» Exercise instructions: When you reach the line that contains "なお、本日もアジア主要市場では日本がダントツの下げ率" below, transcribe it and each line after it word for word to the end of the records, omitting pictures.

» Dataset entries:
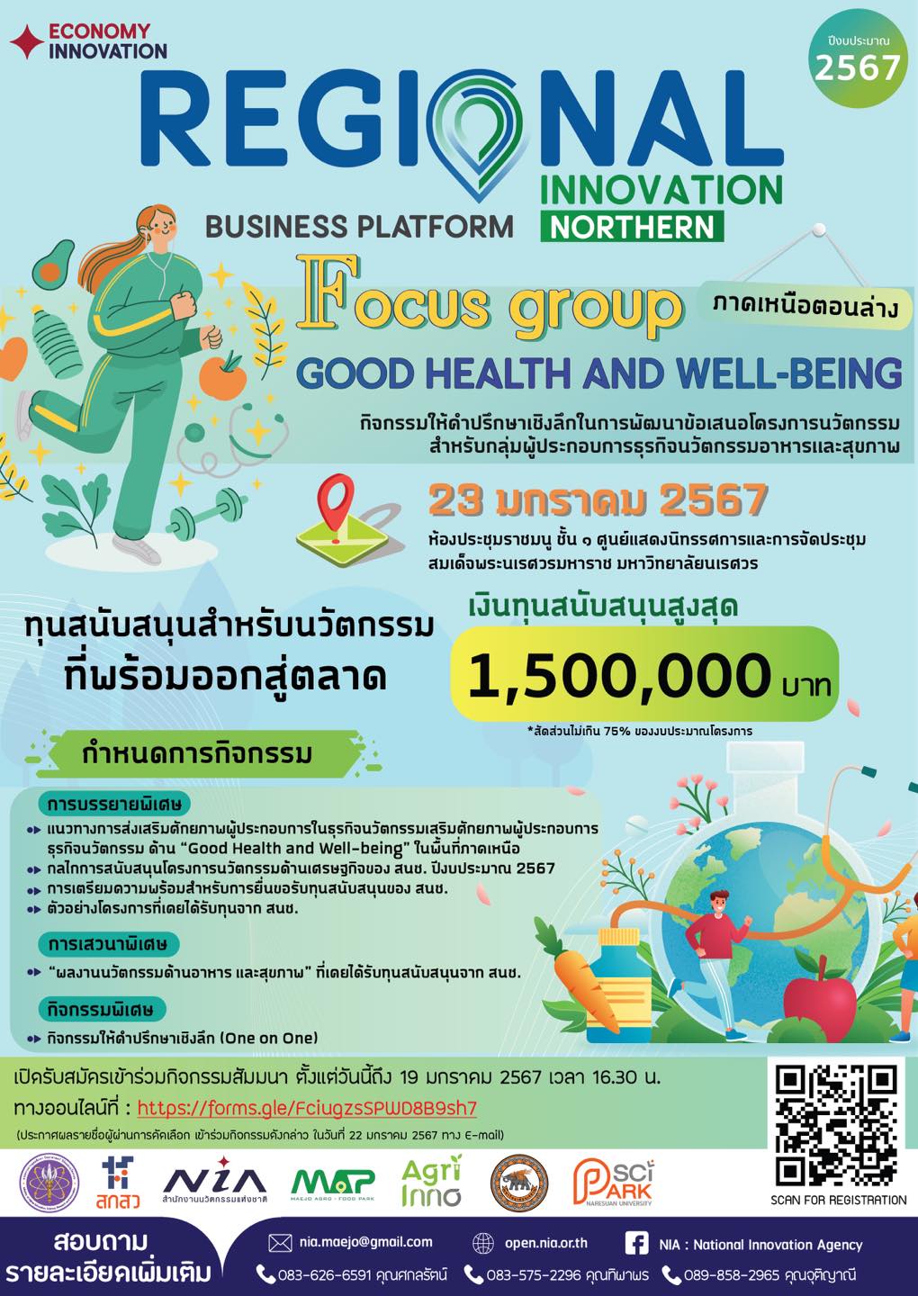 สำนักงานนวัตกรรมแห่งชาติ (NIA) โดย ฝ่ายนวัตกรรมเพื่อเศรษฐกิจ ร่วมกับ เครือข่ายนวัตกรรมด้านเศรษฐกิจศูนย์ความเป็นเลิศด้านนวัตกรรมทางการเกษตรสำหรับบัณฑิตผู้ประกอบการ มหาวิทยาลัยแม่โจั (จ.เชียงใหม่) เชิญชวน ผู้ประกอบการและผู้ที่สนใจ เข้าร่วมกิจกรรม Focus Group : Good Health and Well-being เพื่อรับฟังแนวทางการสนับสนุนผู้ประกอบการ เงินทุนให้เปล่าสูงสุดโครงการละ 1,500,000 บาท
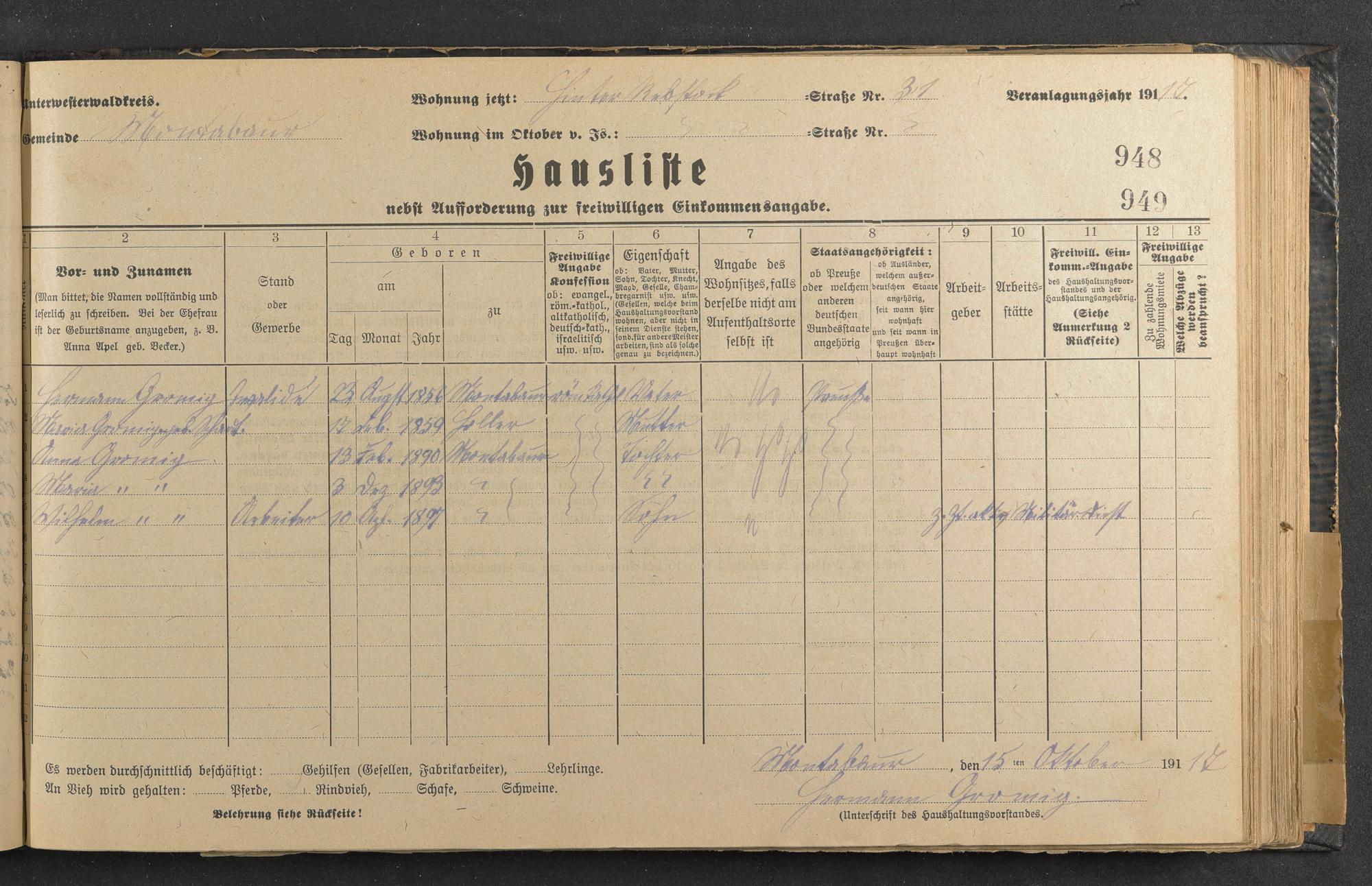 Haushaltsliste 1917-1918, Band II., Abteilung 4, A 287
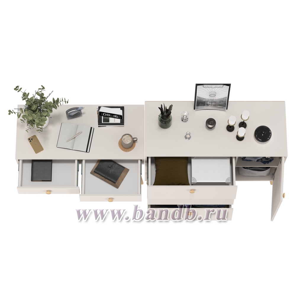Наименование товара: спальня стол с ящиками и комод с дверкой и тремя ящиками.
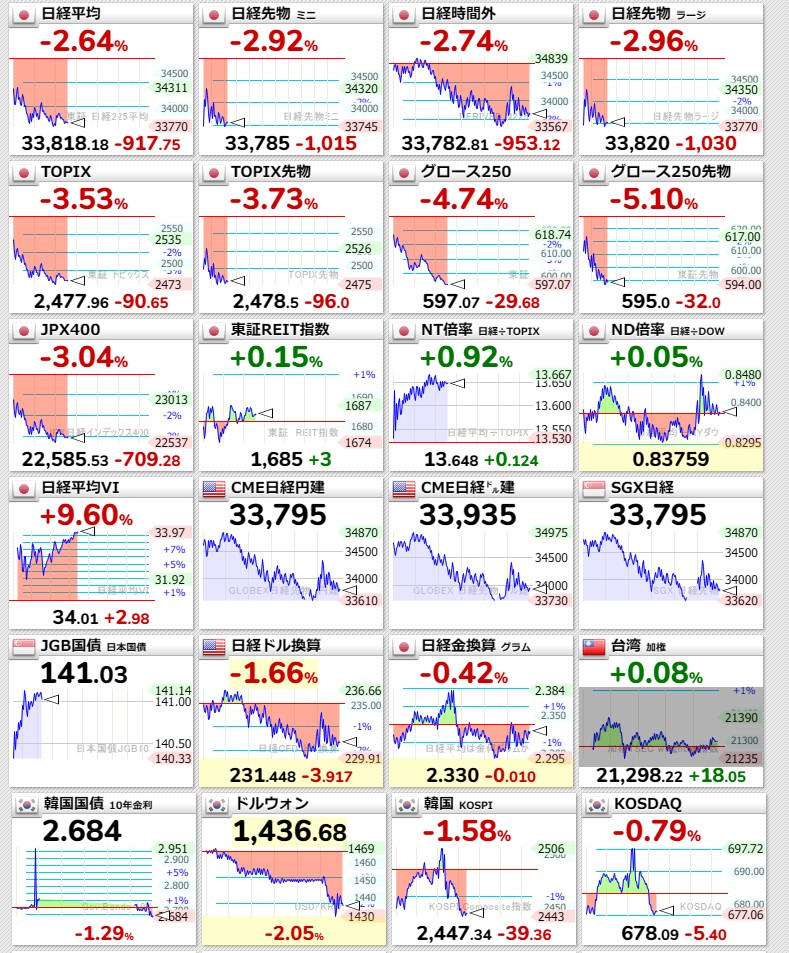 なお、本日もアジア主要市場では日本がダントツの下げ率
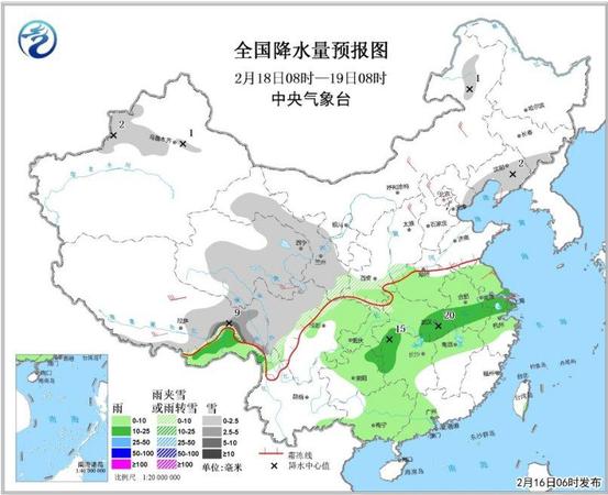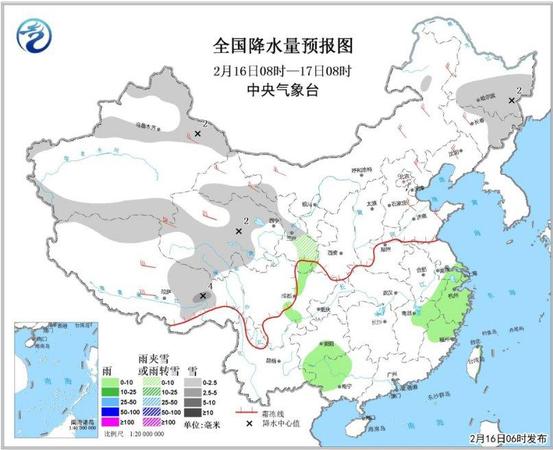 图1 全国降水量预报图(2月16日08时-17日08时)

» Result of this task:
 なお、本日もアジア主要市場では日本がダントツの下げ率
 图1 全国降水量预报图(2月16日08时-17日08时)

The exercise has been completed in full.